3542. Minimum Operations to Convert All Elements to Zero

Description

You are given an array nums of size n, consisting of non-negative integers. Your task is to apply some (possibly zero) operations on the array so that all elements become 0.

In one operation, you can select a [i, j] (where 0 <= i <= j < n) and set all occurrences of the minimum non-negative integer in that subarray to 0.

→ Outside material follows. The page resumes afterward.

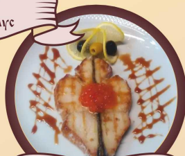
Стейк из масляной рыбы
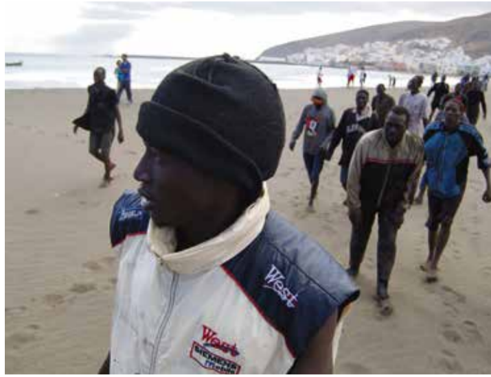
Llegada de inmigrantes a Gran Tarajal.

La patera llegó a Las Playitas. De ahí a la comisaría de Puerto del Rosario, donde estuvo una semana y, luego, al furgón que los llevaba al viejo aeropuerto. Tuvo la suerte de llegar cuando aún no se habían producido los primeros episodios de hacinamiento.

Return the minimum number of operations required to make all elements in the array 0.

 

Example 1:

Input: nums = [0,2]

Output: 1

Explanation:

• Select the subarray [1,1] (which is [2]), where the minimum non-negative integer is 2. Setting all occurrences of 2 to 0 results in [0,0].
• Thus, the minimum number of operations required is 1.

Example 2:

Input: nums = [3,1,2,1]

Output: 3

Explanation:

• Select subarray [1,3] (which is [1,2,1]), where the minimum non-negative integer is 1. Setting all occurrences of 1 to 0 results in [3,0,2,0].
• Select subarray [2,2] (which is [2]), where the minimum non-negative integer is 2. Setting all occurrences of 2 to 0 results in [3,0,0,0].
• Select subarray [0,0] (which is [3]), where the minimum non-negative integer is 3. Setting all occurrences of 3 to 0 results in [0,0,0,0].
• Thus, the minimum number of operations required is 3.

Example 3:

Input: nums = [1,2,1,2,1,2]

Output: 4

Explanation:

• Select subarray [0,5] (which is [1,2,1,2,1,2]), where the minimum non-negative integer is 1. Setting all occurrences of 1 to 0 results in [0,2,0,2,0,2].
• Select subarray [1,1] (which is [2]), where the minimum non-negative integer is 2. Setting all occurrences of 2 to 0 results in [0,0,0,2,0,2].
• Select subarray [3,3] (which is [2]), where the minimum non-negative integer is 2. Setting all occurrences of 2 to 0 results in [0,0,0,0,0,2].
• Select subarray [5,5] (which is [2]), where the minimum non-negative integer is 2. Setting all occurrences of 2 to 0 results in [0,0,0,0,0,0].
• Thus, the minimum number of operations required is 4.

 

Constraints:

• 1 <= n == nums.length <= 105
• 0 <= nums[i] <= 105

 

Solutions

Solution: Greedy

• Time complexity: O(n)
• Space complexity: O(n)

 

JavaScript

/**
 * @param {number[]} nums
 * @return {number}
 */
const minOperations = function (nums) {
  const stack = [];
  let result = 0;

  for (const num of nums) {
    while (stack.length && stack.at(-1) > num) {
      stack.pop();
      result += 1;
    }

    if (num && stack.at(-1) !== num) {
      stack.push(num);
    }
  }

  return result + stack.length;
};